For the most part these are things you would do naturally if you were writing thread safe code. However to enforcing or automating them creates added complexity.


One way to do this would be to add additional information into the type system. The minimal information that would need to be added would be some sort of indicator if an Object can be guaranteed to be deeply immutable. (Unknown can be treated as mutable)


I am going to invent some syntax as follows:

  • The type of a: Mutable object, a Shallowly Immutable but deeply mutable object, and an object of unknown mutable remains the same as it is today.

  • For objects the user creates (not builtins) that they wish to guarantee to always be deeply immutable, a ! is placed at the end of the class name. (This is validated by checking that all of its members are either immutable builtins or also types ending in !)


A variable whose type is an interface is assumed to be potentially mutable. This allows the implementer to change the implementation without affecting others.


Tracking blocking functions requires adding information to their type. This could be accomplished by making the type: ‘blocking String()’ instead of simply ‘String()’ and enforced by adding a ‘blocking’ annotation on blocking functions and requiring methods calling them to be similarly annotated.


To avoid restrictions on all the methods of mutable objects, there should be an annotation for methods that mutate their member variables.
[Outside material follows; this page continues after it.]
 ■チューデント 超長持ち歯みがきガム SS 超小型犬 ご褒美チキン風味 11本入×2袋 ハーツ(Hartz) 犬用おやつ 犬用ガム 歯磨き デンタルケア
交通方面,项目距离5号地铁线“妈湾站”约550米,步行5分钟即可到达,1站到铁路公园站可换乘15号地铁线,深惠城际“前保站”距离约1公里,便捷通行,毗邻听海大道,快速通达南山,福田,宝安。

This way the read-only methods are not affected.


Given all of this one could write the following:


class Example1(variable String a) {

void printA() {

print(a);

}

mutates void append(String newString) {

a = a + newString;

}

}


And:


class Example2() {

value list = ArrayList<String>();

void printList() {

print(list);

}

void add(String newString) {

list.add(newString);

}

void addAll(List<String> newStrings) {

for (String s in newStrings) {

list.add(s);

}

}

}


All of which could be made thread safe by the compiler if needed with no extra work for the developer.
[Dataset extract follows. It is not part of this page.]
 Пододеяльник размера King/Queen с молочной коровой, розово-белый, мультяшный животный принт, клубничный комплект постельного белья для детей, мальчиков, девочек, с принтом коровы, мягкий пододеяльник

It would however restrict what one can do:

class IllegalExample() {

List<String> value list = ArrayList<String>();

void illegalMethod(ArrayList<String> newStrings) {

list = newStrings; //BAD: Assigns without mutates annotation

}

mutates void illegalMethod2(List<String> newStrings) {

//BAD: function annotated with ‘mutates’ receiving a potentially mutable object

list = newStrings;

}

void validMethod() { //OK: No local mutation

String s = getString();

list.clear();

list.add(s);

}


/** Can be invoked like: foo.alsoValid(ArrayList<String>) */

mutates void alsoValid(List<String>()! newStrings) {

list = newStrings();

}

}


The same applies to blocking:


class BlockingExample(blocking String() getString) {

variable value list = ArrayList<String>();

mutates void foo() { //BAD: mutates function making blocking call.

String s = getString();

list = ArrayList<String>();

list.add(s);

}

void foo2() { //OK

String s = getString();

updateList(s); // Indirection of modification to another function.

}

mutates void updateList(String s) {

list = ArrayList<String>();

list.add(s);

}

}


This would have very little impact on day to day coding as modifications can be moved down into a private method or into a data structure and blocking calls can be moved up into a wrapping method.


That would all work great until someone tries to implement a map. A map implementation shouldn’t be limited to immutable items nor should the caller be burdened to pass in constructors/functions. A map *should* be able to take anything for the item, even if it is mutable. It is safe because it is not going to call methods on it.


To facilitate this we need one more feature; the ability to indicate a generic type should be treated as immutable even if the class provided at runtime is not. This could be done by putting an ! at the end of the generic type name just as one would with a real type. Then HashMap’s signature would look like:  


class HashMap<Key!, Item!> extends Basic satisfies MutableMap<Key!,Item!> given Key! satisfies Object!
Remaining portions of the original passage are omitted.